AVAILABLE DATA:
▼

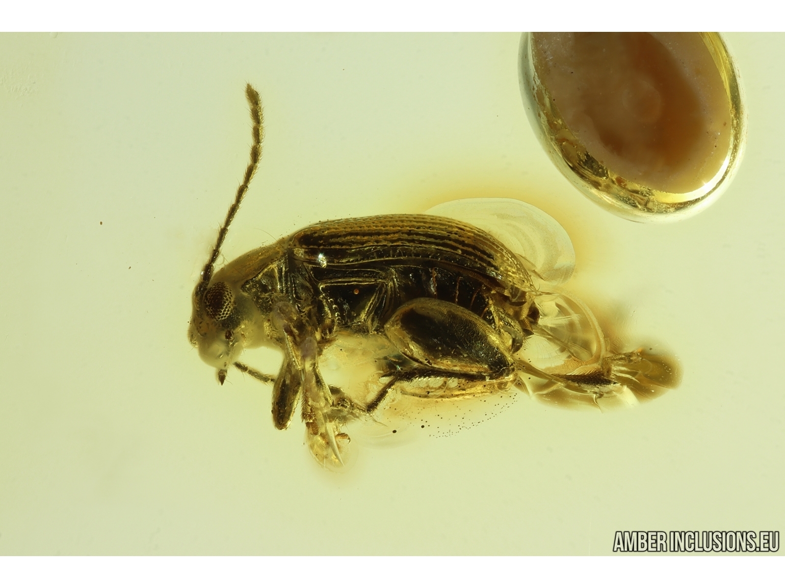 Ukrainian Rovno amber stone with fossil inclusion, trapped 34-56 million years ago - Flea Beetle Chrysomelidae Alticini Psyllototus.
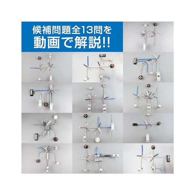 令和7年度(2025年)第二種電気工事士技能試験の候補問題全13問を、それぞれ2回ずつ練習できる電線と器具がセットになっています。
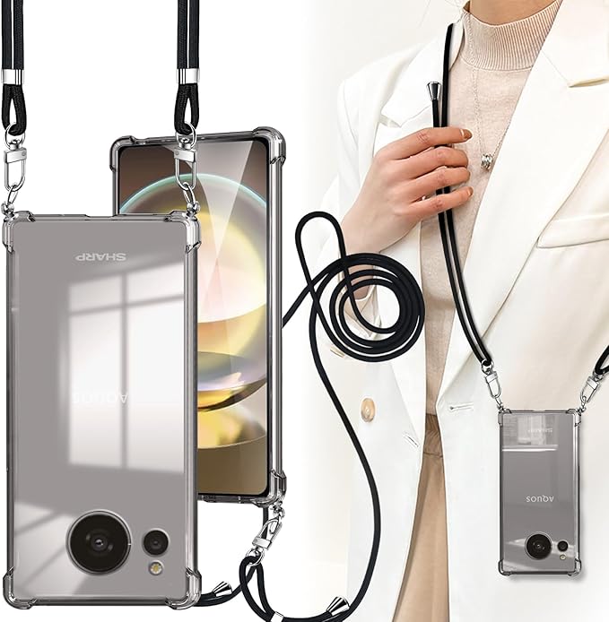 AQUOS R8 ケース ショルダー クリア SH-52D カバー 耐衝撃 TPU 肩がけ 首掛け 紐付き 薄型 縄掛け ケース 斜めかけケース 軽量 取り外し可能 調節可能な ショルダー 肩がけ 首掛け 紐付き 透明+縄掛け-ブラック 08009-R8-01
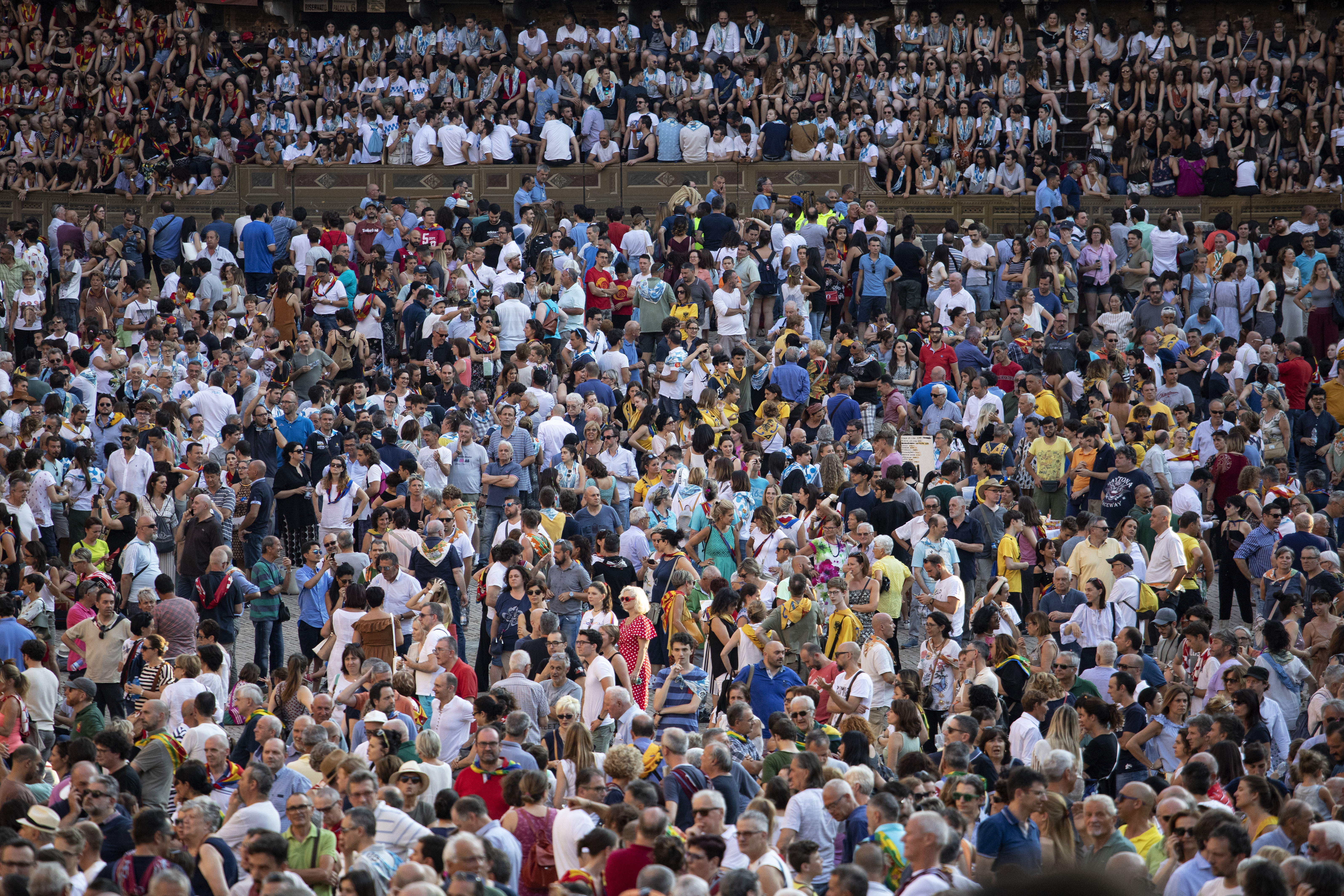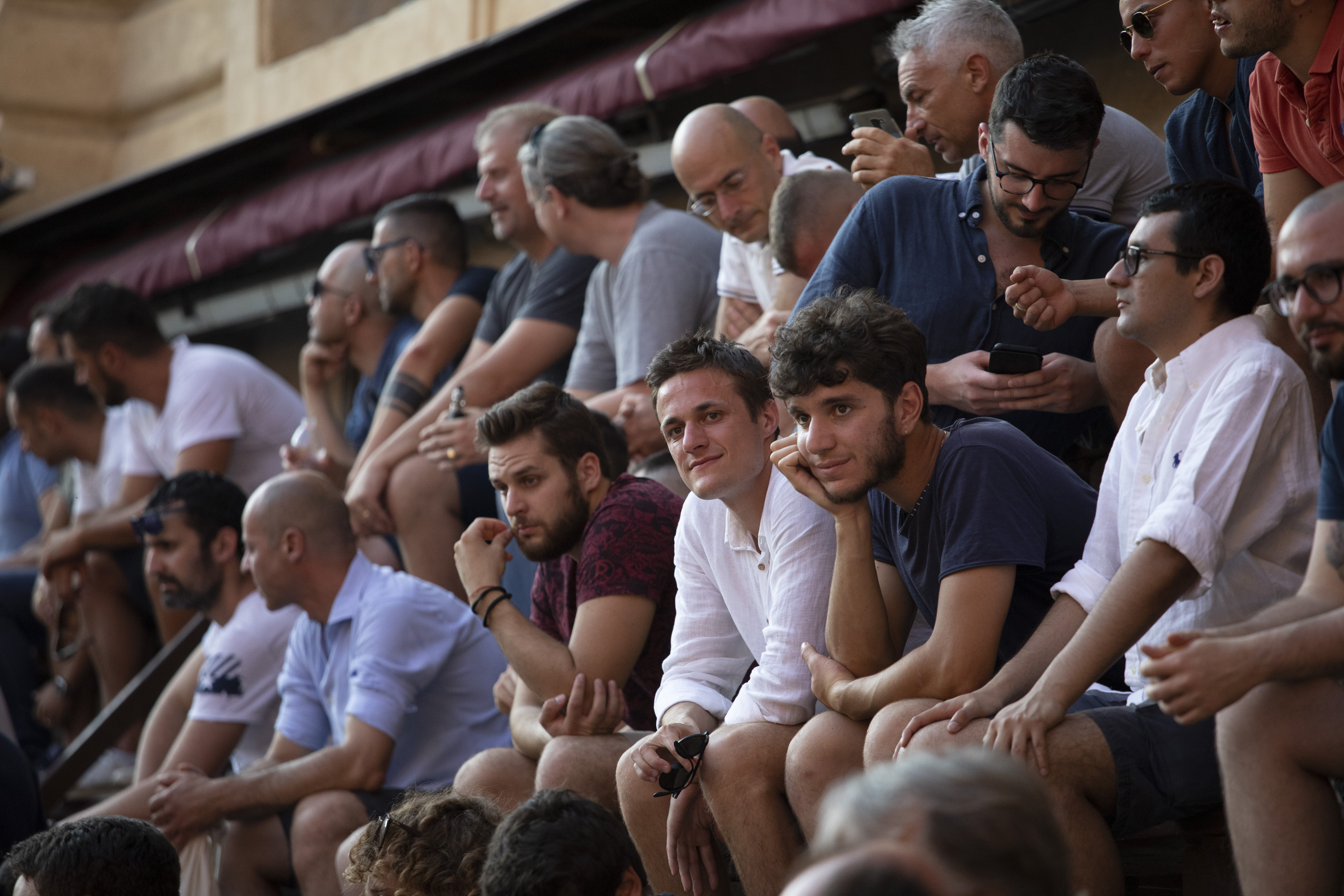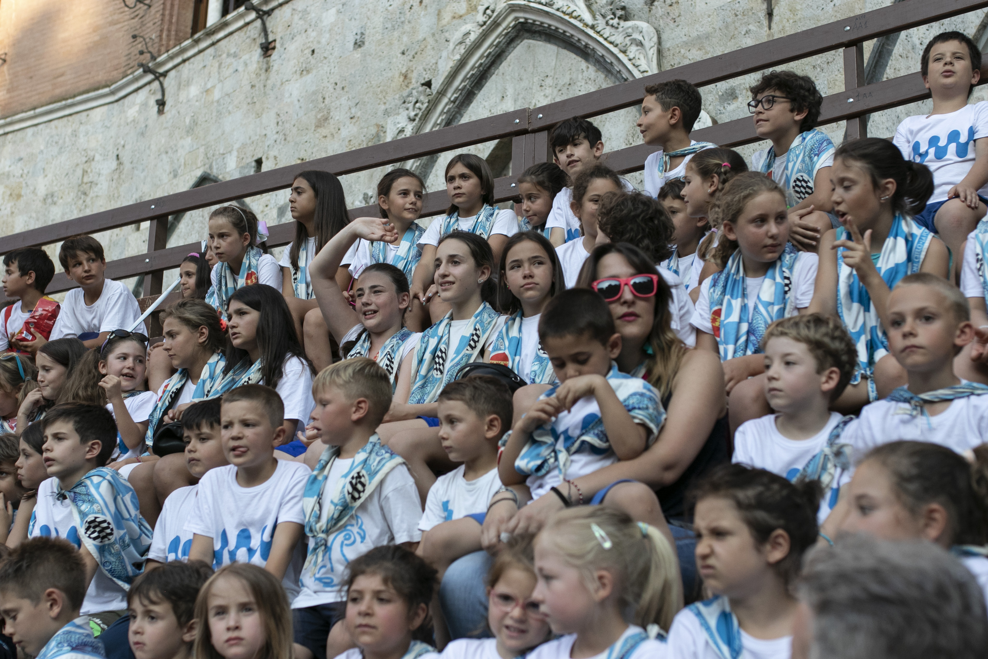 SIENA. Pronti alla prima prova del Palio di Provenzano con il seguente ordine di ingresso al canape: Onda (Amsicora-Tabacco); Selva (Tempesta-Remistirio); Bruco (Brio-Solu Tue Due); Torre (Turbine-Rocco Nice); Civetta (Carburo-Porto Alabe); Aquila (Brigante-Renalzos); Pantera (Trecciolino-Sorighittu); Giraffa (Tittia-Tale e Quale); Chiocciola (Scompiglio-Violenta da Clodia). Rincorsa: Drago (Ares-Remorex).

▲

WHAT IS EXPECTED:
Repeat the listing above exactly from its first line to the line containing "AQUOS R8 ケース", both included, and omit the pictures.

ANSWER:
 Ukrainian Rovno amber stone with fossil inclusion, trapped 34-56 million years ago - Flea Beetle Chrysomelidae Alticini Psyllototus.
 令和7年度(2025年)第二種電気工事士技能試験の候補問題全13問を、それぞれ2回ずつ練習できる電線と器具がセットになっています。
 AQUOS R8 ケース ショルダー クリア SH-52D カバー 耐衝撃 TPU 肩がけ 首掛け 紐付き 薄型 縄掛け ケース 斜めかけケース 軽量 取り外し可能 調節可能な ショルダー 肩がけ 首掛け 紐付き 透明+縄掛け-ブラック 08009-R8-01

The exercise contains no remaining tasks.